Physicist, Electron Spectroscopy Group

(Infrared and Terahertz Spectroscopy)

Fellow, American Physical Society

Condensed Matter Physics & Materials Science Dept. - Bldg. 510B

Brookhaven National Laboratory

20 Pennsylvania Street

P.O. Box 5000

Upton, NY 11973-5000

Tel: (631) 344-7579

Fax: (631) 344-2739

email: homes@bnl.gov

Welcome to my personal home page! I am a physicist in the Electron Spectroscopy Group in the Condensed Matter Physics and Materials Science Department at Brookhaven National Laboratory, where I study the interaction of light with solids, and pretty much anything else too slow to get out of the way. In particular, I use infrared radiation from conventional black-body sources, as well as from the National Synchrotron Light Source at the U12IR beam line. If you would like to learn more about the fundamentals of infrared spectroscopy, you can view a PDF file of a monograph Fourier-transform infrared spectroscopy (recently revised) that I am working on, but have not yet finished (you will need Adobe Acrobat Reader to view this document). I was once (but no longer am) involved with a software company called Idelix that developed advanced interface technologies, providing enhancements in mobile, desktop, Web-based applications, and is based in Vancouver, British Columbia; this company has since been reconstituted and is now known as Lat49. Finally, a link to the old picture that used to be here of our cat Kira helping me with a physics problem.

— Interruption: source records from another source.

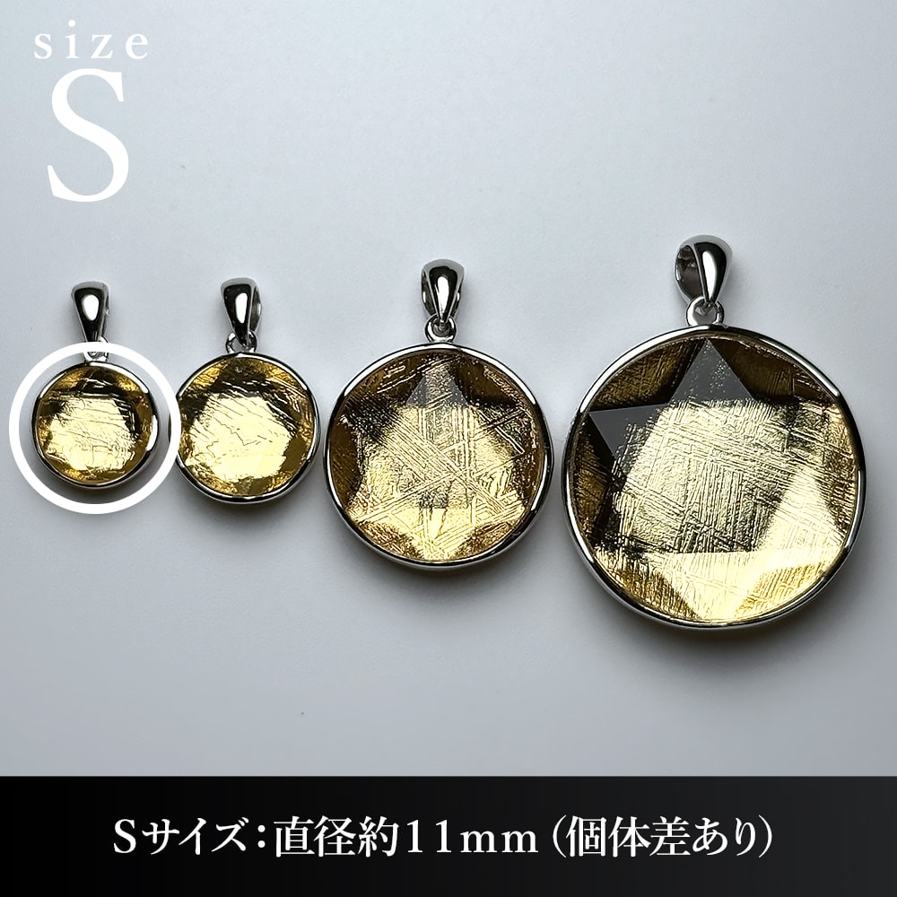 こちらのお品は、直径11mmの小さめサイズ(S)の、ギベオンヘキサゴンペンダントトップでございます。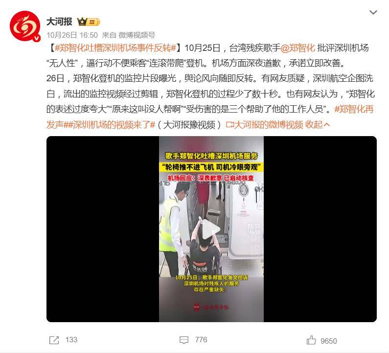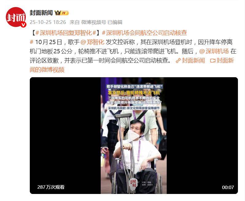 事件起初完全是一边倒的态势。10月25日,郑智化在社交平台详细描述了他的遭遇:由于机场升降车与机舱门存在25公分的高度差,他的轮椅无法直接推进机舱。据他所说,当他请求工作人员调整设备时,竟遭到拒绝和“冷眼旁观”,最终他不得不以“连滚带爬”这种极度狼狈且伤尊严的方式,自行进入机舱。他用“最没人性”评价机场的服务态度。这番控诉迅速发酵,深圳机场当夜火速发布致歉声明,承诺会立即改进服务。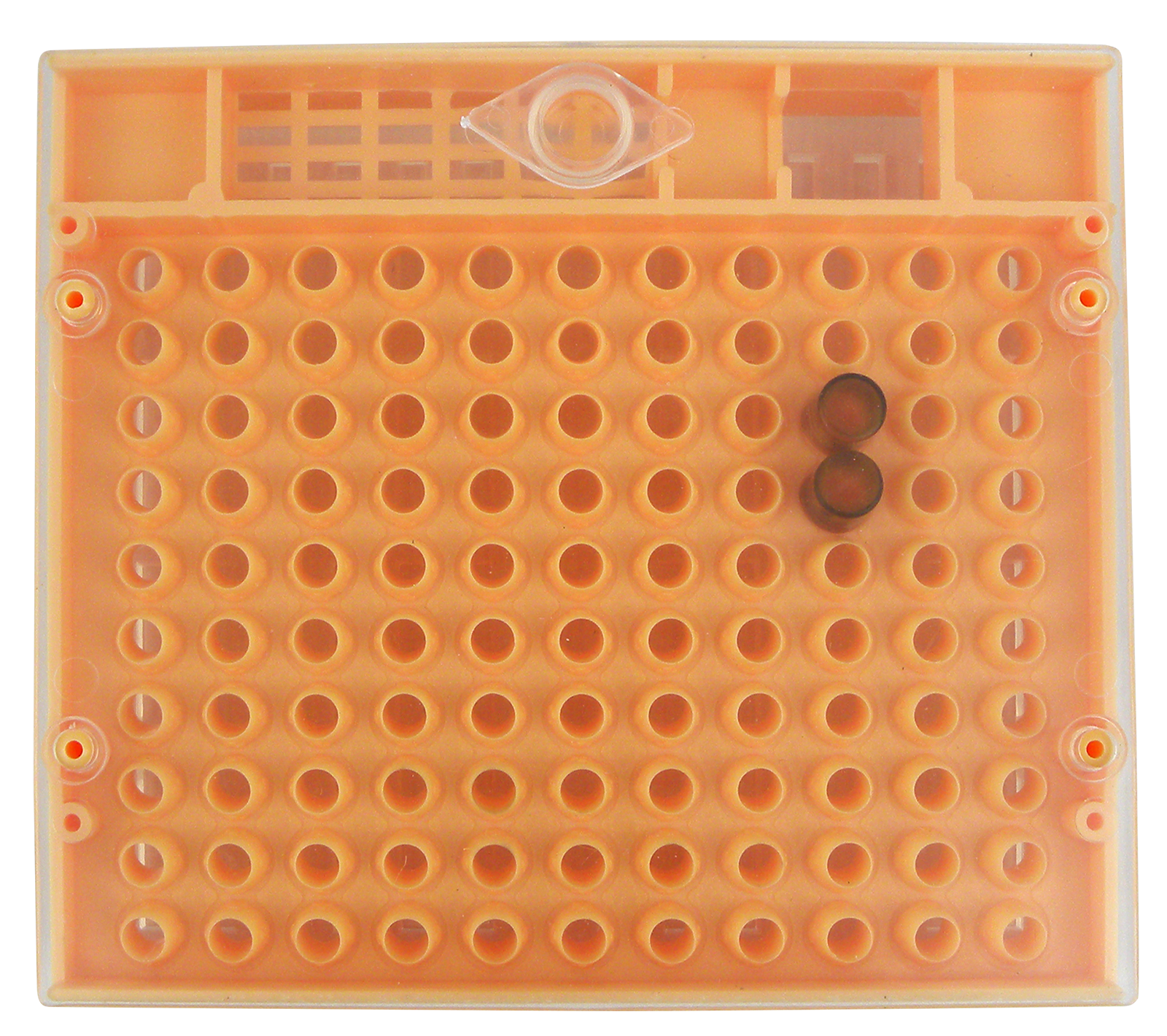 Anwendung: Absperrgitter und Schutzplatte entfernen, so die Zuchtkassette in ein leeres Rähmchen montieren. Weiselnäpfchen an die dafür vorgesehenen Plätze stecken. Schutzplatte verschließen und für 2 Tage ohne Absperrgitter in das Bienenvolk hängen. Tipp: Kunststoffkassette mit Wachs einschmieren, dadurch wird sie attraktiver für die Bienen. Nach dem sich die Bienen mit dem ´Fremdkörper´ vertraut gemacht haben, wird das Absperrgitter angebracht und die Königin durch das Schlupfloch zugesetzt. Nach weiteren 2 Tagen sind normalerweise die Näpfchen bestiftelt und können in den vorbereiteten Zuchtrahmen umgesteckt und anschließend in passende Pflegevölker gehängt werden.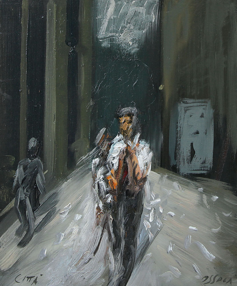 OSSOLA GIANCARLO Milano 1935Città, 2001olio su tela cm. 60x50x2, firma in...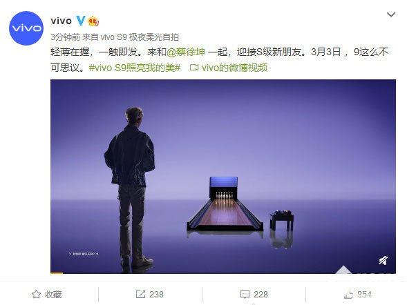 视频中,蔡徐坤手持“9号保龄球”,从非常狭窄的手机侧边一般轻薄的轨道上一击必中,意义不言自明,强烈暗示vivo S9的垂直窄边框特性。这样看来,vivo S9的工艺设计细节以及握持手感还是非常值得期待的。此前,在三位代言人出镜的预热视频中,vivo S9设计细节就已初见端倪。其中,一体化的垂直边框最为亮眼,中框区域更加棱角分明,手机的厚度进一步缩减,传承了vivo S系列轻薄自拍旗舰的传统。
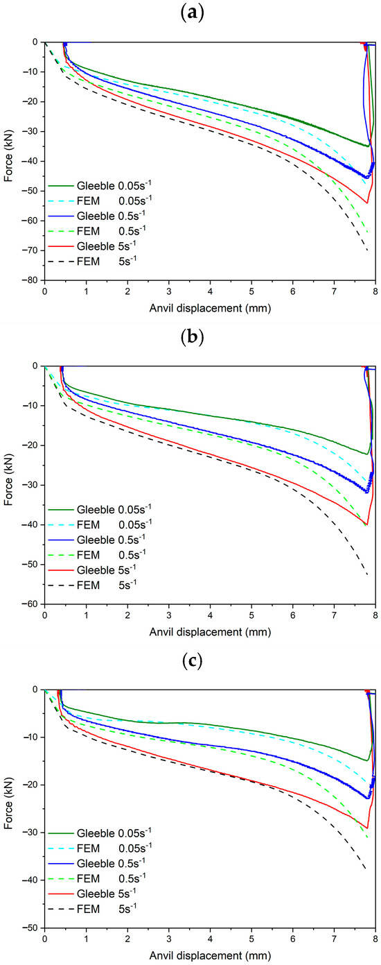 The dependence between the compression force of the movable anvil versus its displacement under various test conditions (temperature and strain rate) is presented in Figure 6. Curves obtained from the experimental and numerical research are characterized by good compatibility. Only two stages of the curves look slightly different. The initial stage is related to the beginning of the test, when strain during the test is not measured perfectly. This effect is observed because samples in the Gleeble 3800 simulator in the Hydrawedge module are installed in a horizontal position and require the application of a small compressive force (about 100 kN) that will allow the sample to be held and the heating and annealing process to be stable during the test. This applied force allows the material to be deformed slightly (flowing), especially at high temperatures, i.e., during annealing at the austenitizing temperature of 1200 °C. Thus, before the final compression begins, the deformation value is zeroed and recalculated in relation to the real height of the sample.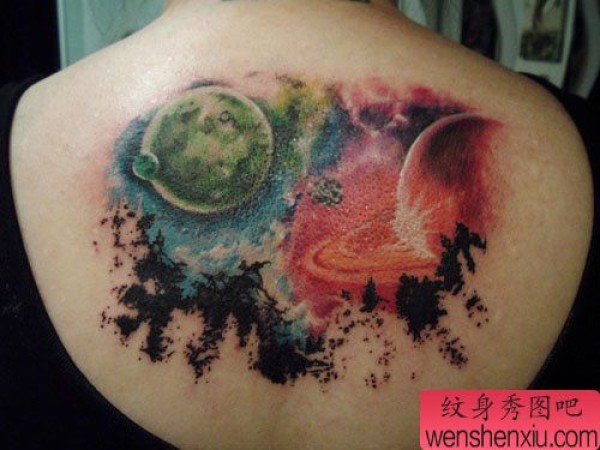 女生背部时尚精美的星空纹身图案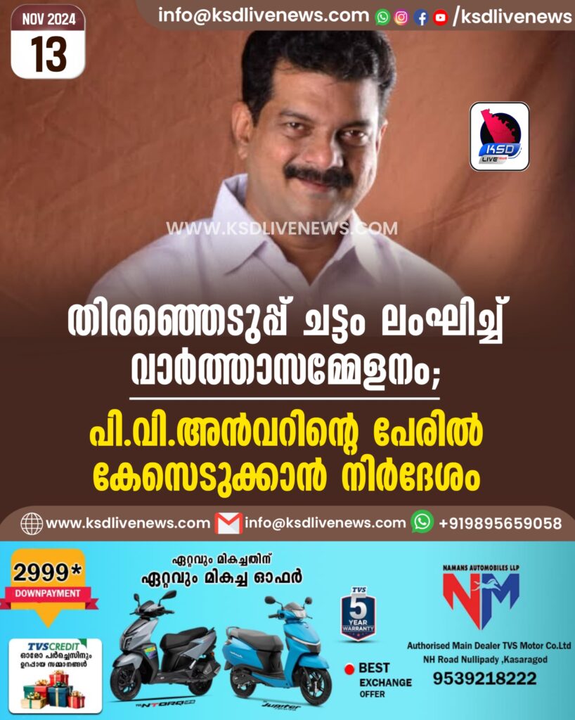 തിരഞ്ഞെടുപ്പ് ചട്ടം ലംഘിച്ച് വാർത്താസമ്മേളനം; പി.വി.അൻവറിന്റെ പേരിൽ കേസെടുക്കാൻ നിർദേശം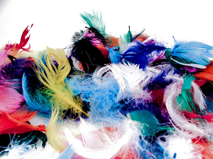 Assorted colours and sizes of marabou feathers. a perfect craft staple for almost any project. 100gm package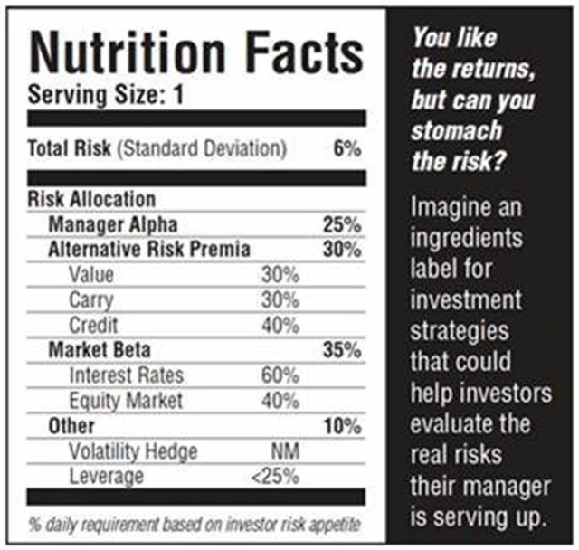 Na každé potravině dnes najdete štítek s energetickou hodnotou a doporučenými denními dávkámi jednotlivých živin. Nebylo by přínosné, kdyby se takto zprůhlednilo i investování? Každý investor by porozuměl tomu, jak velká rizika s aktivy ve svém portfoliu podstupuje, a mohl by si podle svého rizikového apetitu upravit jeho složení, podobně jako si sestavuje svůj jídelníček.

Education, professional experience

B.Sc. (Hons.), McMaster University ('83)
M.Sc., Ph.D., University of British Columbia ('85,'90)
Postdoc., McMaster ('90-'92)
NSERCC Postdoc. & Research Assoc., Simon Fraser University ('92-'96)
Asst. Physicist, BNL ('96-'98)
Assoc. Physicist, BNL ('98-'01)
Physicist, BNL ('01-'03)
Physicist (tenure), BNL ('03-)
Visiting Professor (Paris VI), Laboratoire Photons et Matière, ESPCI ('07)

Honours and awards

NSERCC Postdoctoral Fellowship ('92)
Brookhaven Science and Technology Award ('07)
Fellow, American Physical Society ('08)

Research Interests & Experimental Program

I am primarily interested in using infrared radiation to probe the electronic and vibrational properties of solids. The reflectance of a material is a complex quantity, with an amplitude and a phase. During a typical experiment, we only measure the reflected amplitude of the radiation. However, if the reflectance is measured over a wide enough range, then it is possible using the Kramers-Kronig relation to calculate the phase: once the amplitude and phase are known, then other optical response functions may be calculated, specifically the real part of the complex conductivity. In the past I have used this technique to study a wide variety of materials, including the low-dimensional organic conductors and superconductors, quasicrystals, C₆₀, collosal magnetoresistance materials (CMR's), high-dielectric response materials and the high-temperature cuprate superconductors.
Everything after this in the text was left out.